Я не возражал, хотя мне было и грустно чуть-чуть, и страшновато: уж больно громаден был стрекозел Нуруа. Его серо-зеленое тело жителя Мира Света, полупрозрачное и сквозное для взора, позволяло увидеть все его темные, сложные, голубые внутренности, которые бурно пульсировали в продолжение своей деятельности, словно движущиеся детали огромной машины. Четыре прозрачных крыла, по два на каждую сторону, распластались справа и слева, как сверкающие, радужные, перламутровые стадионы, поля которых были расписаны прямыми, ровными, пересекающимися линиями разметок. Казалось, вот-вот должны были выйти на размеченные дорожки спортсмены: длинноногие, необычайно мощные.

Я уселся и, хотя не видел ни ног своих, ни рук, покрепче вцепился в торчащий вблизи стрекозий волос, толщиною с лыжную палку и высотою с бамбуковое удилище. Я это сделал хорошо — ибо в последующие пространственные перемещения стрекозлиными прыжками-зигзагами можно было убиться до смерти со страху, подскакивая на плоском горбу Нуруа и падая на него обратно. И хотя я не видел своего тела, ни рук, ни ног, живота своего и чресл своих, не представлял, какого они размера в пространстве, я боялся упасть со стрекозла в безвоздушное пространство и летел на его горбушке, изо всех сил вцепившись в близлежащий к себе стрекозлиный волосок. Полет стрекозла оказался неровным и разухабистым, словно это была езда на тракторной тележке по каменистой дороге, а не воздушное передвижение на сверкающих перламутровых крыльях.
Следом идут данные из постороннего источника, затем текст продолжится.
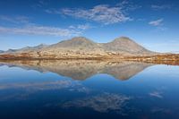 De berg Stygghoin weerspiegeld in het meer, Døråldalen, Rondane Nationaal Park, Oppland, Noorwegen
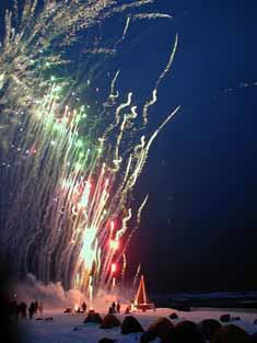 | あの頃の僕は 2000年 花火 | 宗谷岬の元旦の年明け0時の花火。 雪の中・・・ 寒〜い。
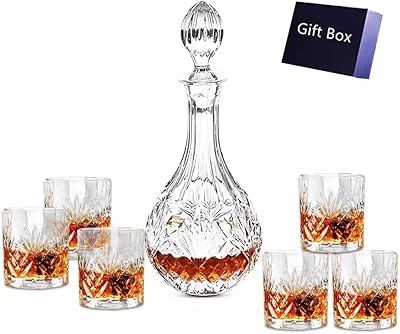 Carafe à whisky en cristal et 6 verres à liqueur, carafe à liqueur en verre élégante, carafes gravées parfaites pour bourbon, brandy et vodka, cadeaux de bourbon pour hommes.
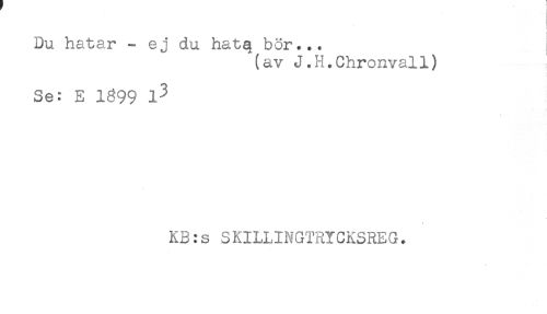 //// Du hatar - ej du hatq bör... //// (av J.H.Chronvall) ! //// Se: E 1899 //// KB:s SKILLINGTRYCKSREG. ////
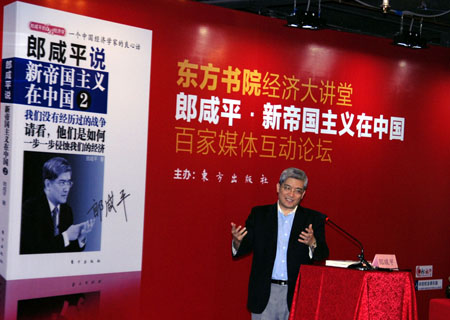 郎咸平于美國沃頓商學(xué)院獲得博士學(xué)位后,曾執(zhí)教沃頓商學(xué)院、密歇根州立大學(xué)、俄亥俄州立大學(xué)、紐約大學(xué)和芝加哥大學(xué),現(xiàn)任香港中文大學(xué)教授。他的主要著作有《誰在拯救中國經(jīng)濟》、《金融超限戰(zhàn)》、《誰都逃不掉的金融危機》等,互動在線創(chuàng)始人、董事長兼CEO潘海東主持了本次見面會。
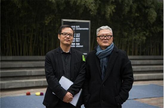 活动现场著名策展人王春辰(左)与艺术家张树功合影
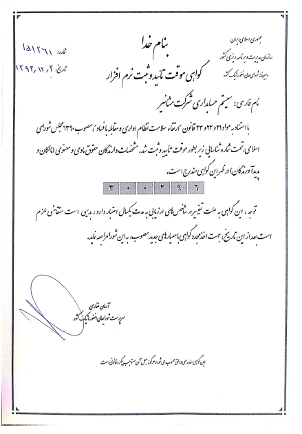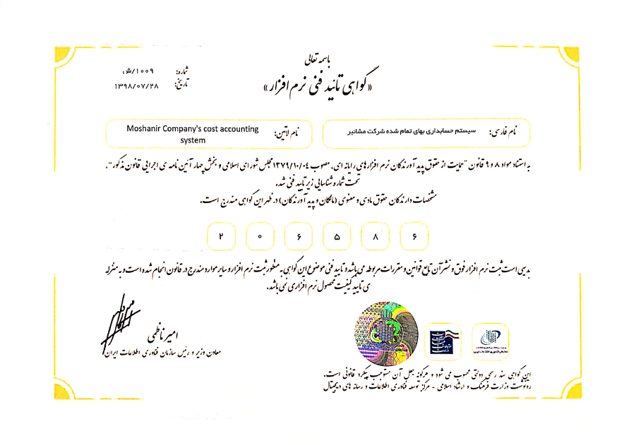 گواهی تائید فنی نرم افزار حسابداری بهای تمام شده مشانیر

Много печали в том — истинно! — что ты не видел себя ни в славе своей, ни в падении, ни в радости и ни в противостоянии битвы с воинством неистовства и смерти. В Мире Света на воде, куда доставил меня Нуруа, я по-прежнему не увидел себя, и печаль моя не убывала. Со мной общались жители Света на воде как ни в чем не бывало, а я не видел себя, не представлял своего образа, и это меня печалило и угнетало.
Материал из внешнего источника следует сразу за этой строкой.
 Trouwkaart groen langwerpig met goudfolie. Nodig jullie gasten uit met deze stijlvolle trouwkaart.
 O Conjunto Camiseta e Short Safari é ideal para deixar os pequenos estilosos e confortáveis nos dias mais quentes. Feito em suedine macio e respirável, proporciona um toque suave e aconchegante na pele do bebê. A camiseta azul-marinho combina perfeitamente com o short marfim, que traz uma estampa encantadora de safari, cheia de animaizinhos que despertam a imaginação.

Я был, наверное, очень маленьким существом, коли смог прокатиться на горбу стрекозла, и жуки-плавунцы, размером с кита-финвала, и водяные пауки, бегавшие по прогибавшейся под их длинными лапками водяной пленке, и чудовищные, с черную гору, водяные жабы — все общались, как равные. И непонятно мне было, видели они меня, а если видели, то в каком обличье представал я перед ними, если сам своего образа не видел, не представлял, не ощущал.
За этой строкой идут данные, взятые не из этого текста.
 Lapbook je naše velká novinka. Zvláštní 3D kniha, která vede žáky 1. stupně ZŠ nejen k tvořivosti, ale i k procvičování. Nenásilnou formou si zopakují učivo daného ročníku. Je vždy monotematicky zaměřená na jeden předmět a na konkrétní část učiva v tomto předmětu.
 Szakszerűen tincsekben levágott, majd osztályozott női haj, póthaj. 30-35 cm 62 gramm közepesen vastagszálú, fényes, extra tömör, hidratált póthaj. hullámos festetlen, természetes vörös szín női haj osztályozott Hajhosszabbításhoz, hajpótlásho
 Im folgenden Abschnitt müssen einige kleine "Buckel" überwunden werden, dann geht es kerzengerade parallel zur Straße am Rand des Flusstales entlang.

Отрезанный от всего мира трехмерного пространства круговой стеной четырехмерного пространства, истинный рай Света на воде нес меня, подбрасывал все выше и выше на крыльях слепящих вспышек, что взлетали над вздрагивавшими волнами, поднятыми внезапным ураганом по имени Зыбуа, рожденным в результате падения на воду стрекозла Нуруа. Новорожденный ураган, который длился на тридцать шесть концентрических волн-цунами, которые тридцать шесть раз сотрясли Мир Света На Воде и взметнули к небесам ослепительных птиц, светорайских жаворонков, всех по имени Лиерея, счетом ровно семьдесят три тысячи девятьсот тридцать восемь штук. Каждая блиставшая птица света, Лиерея, ударяла меня снизу вверх, и с каждым ударом я взлетал километра на два, так что вмиг оказался на высоте многих сотен тысяч километров над уровнем зеркала вод Мира Света. Но тотчас упал назад — с той же стремительностью, что и взлетал, ибо по законам и этого мира, Миросвета, свет летел со скоростью триста тысяч км в одно мгновенье смыкания и размыкания человеческих вежд.

Итак, подброшенный на сотни километров световыми зайчиками от цунами сверхмогучего Зыбуа, урагана, рожденного ударом грудью о воду стрекозла Нуруа, отчего взлетели над водой птицы Миросвета, стремительные Лиереи, — я упал на то же место, так что, собственно, никуда не переместился, и времени, стало быть, никакого не прошло, да его, собственно, никогда и не было у Вершителя Мира. Это Хилая Зойко придумала время.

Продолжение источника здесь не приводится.